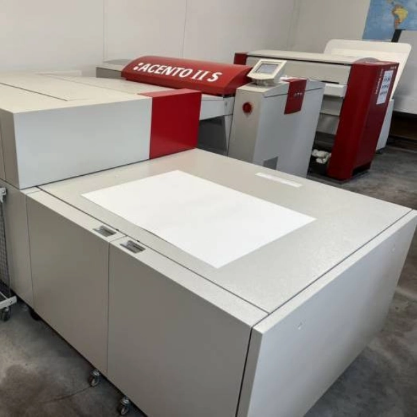 جهاز Agfa Acento II S CTP حراري (موديل 2007) — صناعة بجودة عالية، يجهز زينكات بدقة 2400 dpi وبسرعة توصل لـ 21 زينكة/ساعة. الجهاز بحالة ممتازة وجاهز للعمل، ومعاه Plate Manager و Azura C95 ووحدة ثقب وتكديس.
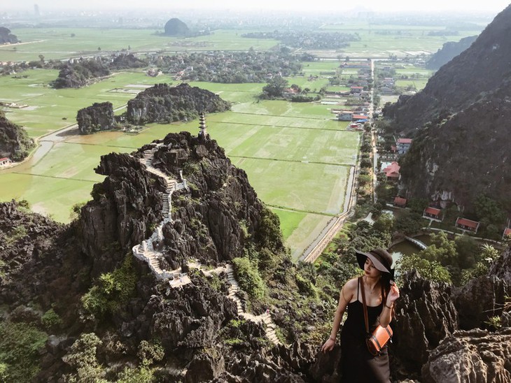 在跳舞山顶上,游客可以欣赏十分优美的三谷(Tam Cốc)全景。
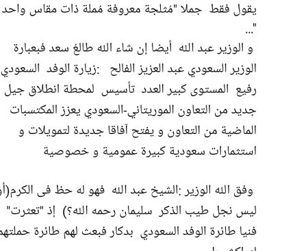 أخبار اليوم. قال السفير الموريتاني بالسعودية المختار ولد داهي إن وزير الشؤون الاقتصادية والتنمية عبد الله ولد سليمان ولد الشيخ سيديا طالع سعد فهو نعمَ الوزيرُ كفاءة و خطابة .. وأضاف ولد داهي في تعليقه على خطاب ولد الشيخ سيديا في افتتاح الملتقى الموريتاني السعود حول الاستثمار في موريتانيا: “كذا تكون خطب الوزراء ..ممتازة التحرير..مكتنزة […]
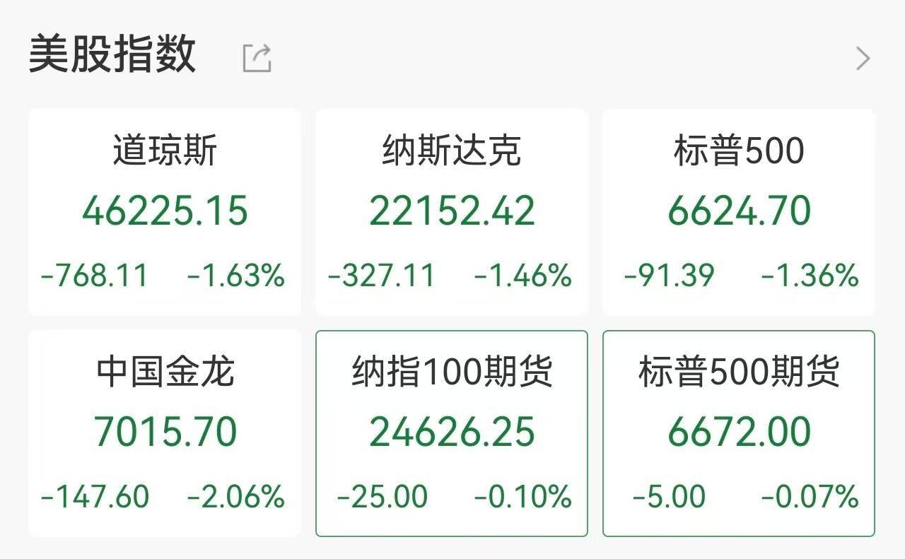 美联储的“鹰派”信号与中东紧张局势叠加,触发全球风险资产抛售。美股三大指数全线收跌,道指跌1.63%至46225.15点,标普500指数跌1.36%,纳指跌1.46%,均创下去年11月以来新低。大型科技股集体下挫,亚马逊跌超2%,微软、特斯拉、苹果等跌幅均逾1%。
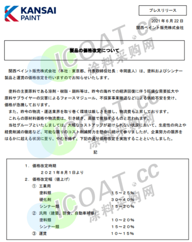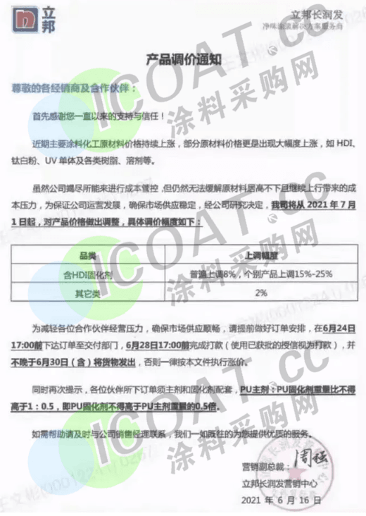 立邦長(zhǎng)潤(rùn)發(fā)涂料:自2021年7月1日起,含HDI固化劑產(chǎn)品價(jià)格普遍上調(diào)8%,個(gè)別產(chǎn)品上調(diào)15%~25%,其它類產(chǎn)品上漲2%。
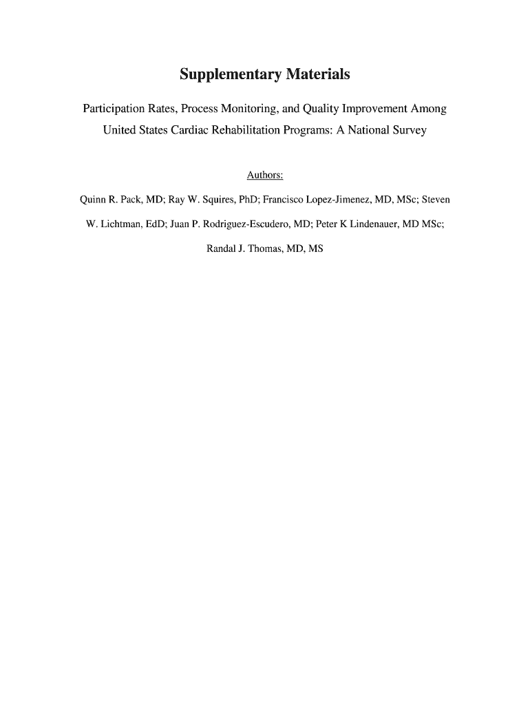 Supplementary Materials Participation Rates, Process Monitoring, and Quality Improvement Among United States Cardiac Rehabilitation Programs: A National SurveyAuthors: Quinn R. Pack, MD; Ray W. Squires,

━━━━━━━━

# What you are asked to do:
Word for word, return all the entries and skip their pictures.

# Worked solution:
 جهاز Agfa Acento II S CTP حراري (موديل 2007) — صناعة بجودة عالية، يجهز زينكات بدقة 2400 dpi وبسرعة توصل لـ 21 زينكة/ساعة. الجهاز بحالة ممتازة وجاهز للعمل، ومعاه Plate Manager و Azura C95 ووحدة ثقب وتكديس.
 在跳舞山顶上,游客可以欣赏十分优美的三谷(Tam Cốc)全景。
 أخبار اليوم. قال السفير الموريتاني بالسعودية المختار ولد داهي إن وزير الشؤون الاقتصادية والتنمية عبد الله ولد سليمان ولد الشيخ سيديا طالع سعد فهو نعمَ الوزيرُ كفاءة و خطابة .. وأضاف ولد داهي في تعليقه على خطاب ولد الشيخ سيديا في افتتاح الملتقى الموريتاني السعود حول الاستثمار في موريتانيا: “كذا تكون خطب الوزراء ..ممتازة التحرير..مكتنزة […]
 美联储的“鹰派”信号与中东紧张局势叠加,触发全球风险资产抛售。美股三大指数全线收跌,道指跌1.63%至46225.15点,标普500指数跌1.36%,纳指跌1.46%,均创下去年11月以来新低。大型科技股集体下挫,亚马逊跌超2%,微软、特斯拉、苹果等跌幅均逾1%。
 立邦長(zhǎng)潤(rùn)發(fā)涂料:自2021年7月1日起,含HDI固化劑產(chǎn)品價(jià)格普遍上調(diào)8%,個(gè)別產(chǎn)品上調(diào)15%~25%,其它類產(chǎn)品上漲2%。
 Supplementary Materials Participation Rates, Process Monitoring, and Quality Improvement Among United States Cardiac Rehabilitation Programs: A National SurveyAuthors: Quinn R. Pack, MD; Ray W. Squires,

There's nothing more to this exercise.